Сейчас он разорвет Элеонору, раскидает кишки по этим настенным плакатам: «Процент шизофрении среди ученых, студентов, рабочих, домохозяек».

Опять амок.

Стой, Голубев! Стоять!

«Процент шизофрении…»

Да, эту Олю доктор уже любил! И он обрадовался. Не грядущему увольнению девушки, а тому, что он пожалел ее, медсестру Синицыну, ночного воробушка. Сейчас остро пожалел. И еще обрадовался тому, что дурное его состояние, продолжавшееся лет пять уже, неожиданно отодвинулось. Ему стало интересно: уволит ли Элеонора Васильевна Лазарева О.Т. Синицыну?

Уволит? Он устроит концерт по заявкам радиослушателей и телезрителей одновременно. Голубев понял, что постепенно он стал оживать. Да неужели он любил, любит этот комочек с золотыми глазами? Он ведь давно никого… Был тыквой.

Иван Дмитриевич, шаркнув туфлей, поблагодарил заведующую, глядя ей в лицо:

– Чуткость и бдительность, чистота помыслов, Элеонора Васильевна, вот что отличает вас от новых женщин и всего нового мира.

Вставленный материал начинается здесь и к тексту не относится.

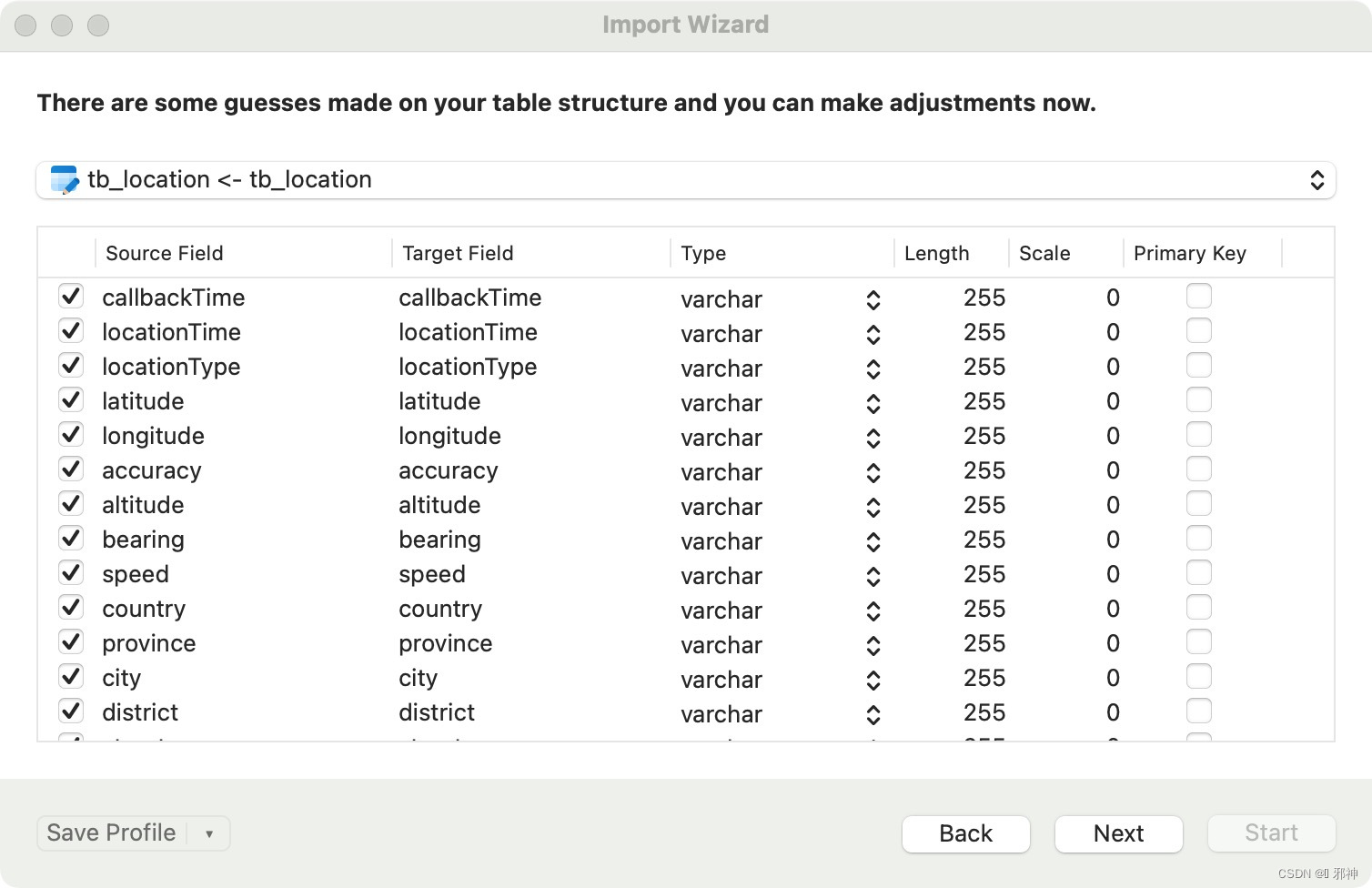 高德地图定位获取到的数据转换成Json字符串并用创建的.json文件保存起来,方便使用Navicat Preminum 生成表 。

Он увидел, как слезает с нее змеиный оползок улыбки и лицо одевается в страх. Да, именно так выглядит страх. Страх с намыленной, причипуренной «орифлеймом» улыбкой.

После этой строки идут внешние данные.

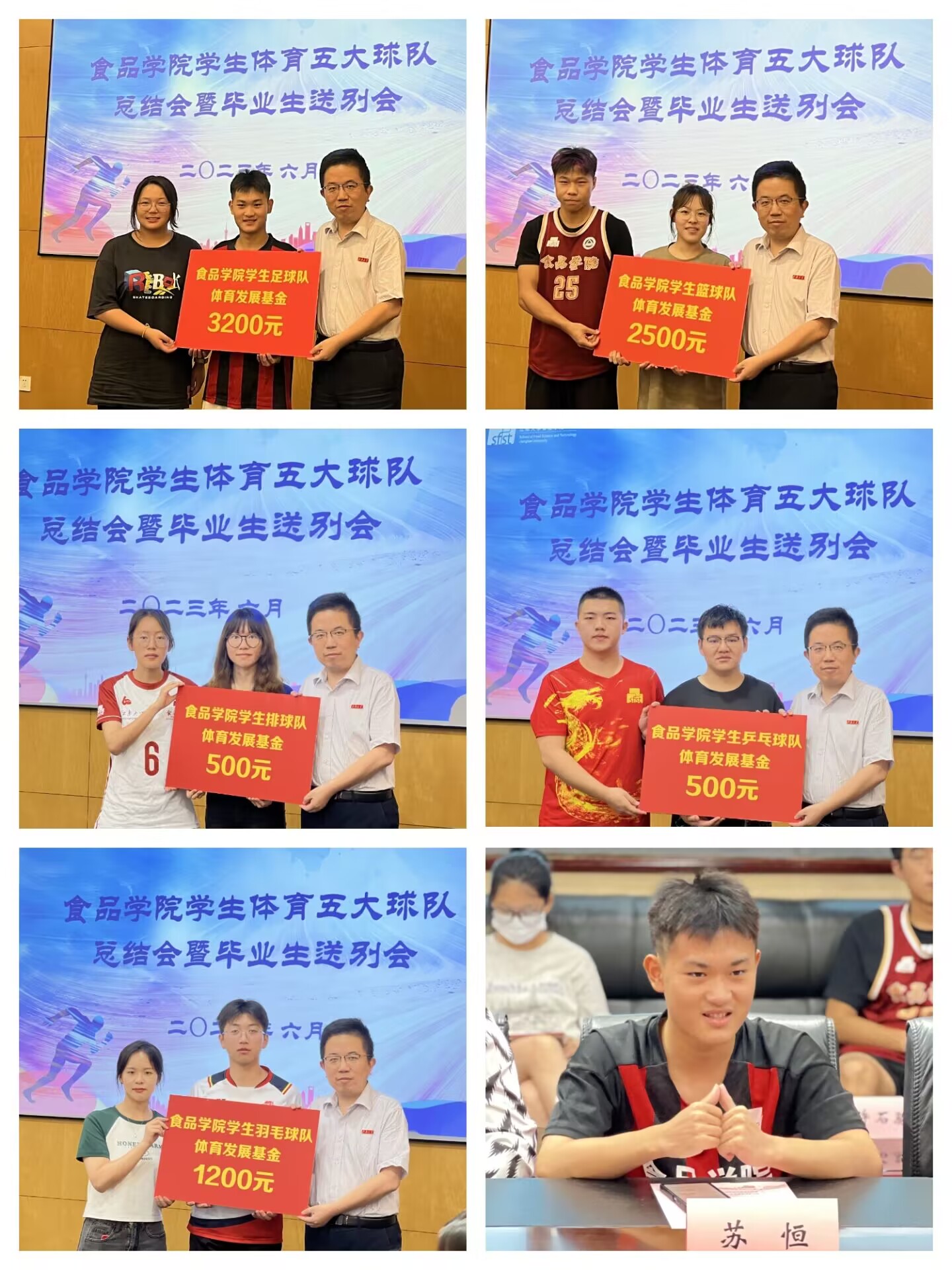 在满满的自豪与热烈的掌声中,李雷为五大球队依次颁发体育发展专项基金并合影留念。李琳为毕业生球员颁发纪念证书。

– Не паясничайте! – пробормотала заведующая.

Рядом с кабинетом Элеоноры толпятся, их вывели на завтрак, пациенты, «ребятушки» – его «шизики», «параноята», «синдромята», «фобията». Вон – Синев. Он считает себя великим писателем. У него в пижаме блокнот с аккуратно накрученным пружинкой почерка систематизированным бредом. Строчит «Записки Кота МУРа». О московском уголовном розыске. Блокнот подписан К.А. Синев, Т.-А. Гофман. Вон – Таганцев. Он боится инопланетян. И один вопрос мучает Таганцева: «Прилетели – не прилетели». Мать его привезла. Нашла под Кущевкой. Он там во ржи ночевал, считал умятые кольца. Вон – Васечка Чуев. В марте ему нравилось курить коноплю, нравилось все больше и больше. Мартовские иды. Докурился, мозги, как кисель. Вон – Елкин, Ван Гог. Здравый студентикус, косящий под шизофреника. А там, в коридоре – доктор Арбузов. Петр Арефьевич размахивает руками, доказывая что-то щекастому санитару Москвичеву – Москвичу. И у санитара болезнь, – геронтофобия[31]. Потому и ненавидит стариков. «Была бы, говорит, у меня бомба, я бы пробрался в стардом да в кружочек этих пердунов запустил».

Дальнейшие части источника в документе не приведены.